Here stands Ignatz with his beer-coloured yellow eyes, who goes up and down with the lift and who also brought Santschin down for the last time.

That night it cost me considerable effort to go into my room. I hated the cupboard with the chamberpot, I hated the lampshade and the bell push and kicked over a chair so that it made a loud noise. I would happily have torn down Kaleguropulos’ notice which hung scornfully on the door, went to bed afraid and left the lights on all night long.

Santschin came to me in my dreams. As I watch, he stands up in his muddy grave and shaves himself. I hand him a bucket of water, he dips mud into it and smears his face with it as if it were shaving soap. ‘I can manage,’ says he, ‘don’t look at me,’ and I stare shamefacedly at his coffin standing in the corner.

Thereupon Santschin claps his hands and loud applause breaks out, the whole Hotel Savoy is clapping, Kanner and Neuner and Siegmund Fink and Frau Jetti Kupfer.

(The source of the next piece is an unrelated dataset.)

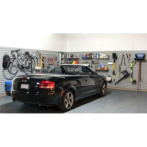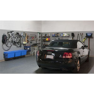 Tired of your garage being the most disorganized space in your house? Need a work space with lighting? Don’t worry, the Premium Garage Package is the solution for you! With 200 square feet of Heavy Duty wall panels and nearly 60 accessories you will quickly have your tools, garden equipment, sports equipment and holiday decorations organized!
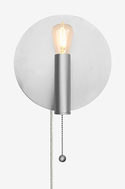 Vägglampa designad med den gamla kungalampetten som ursprung. Rund form i borstad stål med friliggande ljushållare. Dragströmbrytare i matchande färg och transparent kabel.

Before me stands my uncle Phöbus Bohlaug and whispers to me, ‘A lot of good you’ve done! You’re worth no more than your father! You good for nothing!’

XI

I was just on my way out of the hotel when I ran into Alexander Bohlaug. He was wearing a light coloured felt hat. Never in my life have I seen such a lovely felt hat, a poem of a hat in a delicate, pale, indescribable shade, carefully dented in the middle. If I were wearing this hat I should not think of raising it, so I forgive Alexander for not doing so. He just raises his forefinger to the brim, like an officer returning the salute of an army cook.

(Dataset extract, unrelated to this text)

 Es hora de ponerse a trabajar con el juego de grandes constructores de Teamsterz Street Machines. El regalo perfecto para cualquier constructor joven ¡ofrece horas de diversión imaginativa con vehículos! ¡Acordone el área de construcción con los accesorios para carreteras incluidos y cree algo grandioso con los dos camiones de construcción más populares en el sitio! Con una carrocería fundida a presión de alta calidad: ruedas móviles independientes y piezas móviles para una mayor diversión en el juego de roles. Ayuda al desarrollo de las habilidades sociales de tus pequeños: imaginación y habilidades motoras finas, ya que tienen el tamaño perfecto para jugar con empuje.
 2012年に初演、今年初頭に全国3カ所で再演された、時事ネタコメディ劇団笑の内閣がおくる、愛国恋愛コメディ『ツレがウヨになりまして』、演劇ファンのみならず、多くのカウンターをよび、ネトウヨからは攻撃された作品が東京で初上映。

I admire Alexander’s canary yellow gloves as much as I do his hat: to look at this man is to be convinced that he has come post haste from the most Parisian quarter of Paris.

‘Good morning,’ says Alexander, smiling sleepily, ‘what is Stasia up to, Fraulein Stasia?’

‘I don’t know.’

‘You don’t know? You are amusing! Yesterday you were walking behind the coffin with the lady, as if you were her cousin.’

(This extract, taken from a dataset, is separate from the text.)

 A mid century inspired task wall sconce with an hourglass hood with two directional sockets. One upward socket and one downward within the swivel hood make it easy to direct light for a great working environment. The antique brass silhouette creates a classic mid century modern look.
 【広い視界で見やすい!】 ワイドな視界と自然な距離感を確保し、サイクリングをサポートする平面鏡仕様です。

‘The business with the donkey is enchanting,’ says Alexander, taking off a glove and fanning the air with it.

I say nothing.

‘Listen, cousin,’ says Alexander, ‘I would like to rent a pied-à-terre in the Hotel Savoy. I don’t feel free at home. Often …’

Oh yes, I understand. Alexander laid his hand on my shoulder and propelled me into the hotel. I disliked this, being superstitious and not liking to go back into an hotel which I have scarcely left.

I have no reason not to go with Alexander and am curious to know what number he will acquire. I reflect that the rooms to the right and left of Stasia are occupied.

Only one room is free, the one Santschin lived in – his wife is already packing, on her way to relations in the country.

For a moment I am delighted that ‘little Alexander’ from Paris will be living in the steam from Santschin’s laundry, even if only for a couple of hours or a couple of nights a week.

‘I will make you a proposal,’ says Alexander, ‘I’ll pay the rent for a private room for you, or pay you the rent for two months or, if you wish to leave our town, I’ll pay your fare to Vienna, Berlin or even Paris, and you turn your room over to me. Is that a fair bargain?’

This way out appealed to me very much but nonetheless my cousin’s offer surprised me. Now I had everything I needed, the journey onward and subsistence money. I no longer had to depend on Phöbus Bohlaug’s goodwill and I was a free man.

All my complications were rapidly resolved. My designs were marvellously fulfilled.